They could impose a higher price on California's oil production through a "severance" tax or carbon-based fee, with the revenue directed to measures that wean the state from fossil fuels. (California, alone among major oil-producing states, does not have an oil severance tax.)

Lawmakers could establish a minimum drilling setback from schools, playgrounds, homes and other sensitive sites. They could push the state's oil and gas regulator, the California Geologic Energy Management Division, to prioritize environmental and climate concerns.

A major factor holding lawmakers back is, of course, politics, including debates over blackouts and climate policy that shape public perception.

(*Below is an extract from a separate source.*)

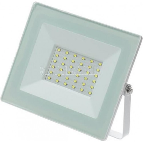 Светодиодный прожектор Ultraflash LFL-5001 C01 белый (LED SMD прожектор, 50 Вт, 230В, 6500К), размер 185*135*35 мм, источник света - встроенные светодиоды, мощность 50Вт, световой поток - 3500лм, металл + стекло.

Given the state’s clean-energy ambitions, it might surprise non-Californians that the oil and gas industry is one of the Golden State’s most powerful special interest groups.

Overcoming a "third-rail issue" in California politics
The Western States Petroleum Association, the sector’s trade group in California's capital of Sacramento, spent $8.8 million lobbying state policymakers in 2019, more than any other interest group. Over the last five years, the group, which cultivates both Democratic and Republican lawmakers, has spent $43.3 million on lobbying, nearly double the total of the second-largest lobbying spender.

Despite former Governor Brown’s reputation as a climate champion, critics say he was unwilling to forcefully take on the oil and gas industry. However, things may take a different turn under Brown's successor, Governor Gavin Newsom.

In May 2019, when Newsom released California's midyear budget revision (PDF), the governor's office noted the need for "careful study and planning to decrease demand and supply of fossil fuels, while managing the decline in a way that is economically responsible and sustainable.”

Related reliability concerns surfaced as blackouts revealed lapses in power supply across the state.

Writing for the advocacy organization Oil Change International, David Turnbull observed, “This may mark the first time that a sitting governor in California has recognized the need to embark upon a managed decline of fossil fuel supply in the state.”

“It is significant because typically this is one of those third-rail issues, kind of a hot potato that governors don’t even want to touch at all — including Jerry Brown, to a large extent, who really focused much more on the demand side of fuel consumption in the state,” said Berkeley Law’s Elkind.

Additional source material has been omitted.